In the records below, find the line with "A wide shot" and the line with "La dependencia de". Print both exactly, along with every line between them, and no other line.

- _GIVEN DATA_:
^^^^

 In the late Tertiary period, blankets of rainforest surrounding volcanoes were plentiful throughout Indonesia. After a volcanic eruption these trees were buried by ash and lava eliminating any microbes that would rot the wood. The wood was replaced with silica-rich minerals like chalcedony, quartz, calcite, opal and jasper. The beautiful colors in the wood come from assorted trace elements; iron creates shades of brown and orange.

^^^^

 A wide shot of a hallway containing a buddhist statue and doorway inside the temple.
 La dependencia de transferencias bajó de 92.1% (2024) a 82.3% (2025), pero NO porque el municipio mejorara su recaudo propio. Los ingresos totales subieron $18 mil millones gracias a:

^^^^

- _RESPONSE TO THE EXERCISE_:
 A wide shot of a hallway containing a buddhist statue and doorway inside the temple.
 La dependencia de transferencias bajó de 92.1% (2024) a 82.3% (2025), pero NO porque el municipio mejorara su recaudo propio. Los ingresos totales subieron $18 mil millones gracias a:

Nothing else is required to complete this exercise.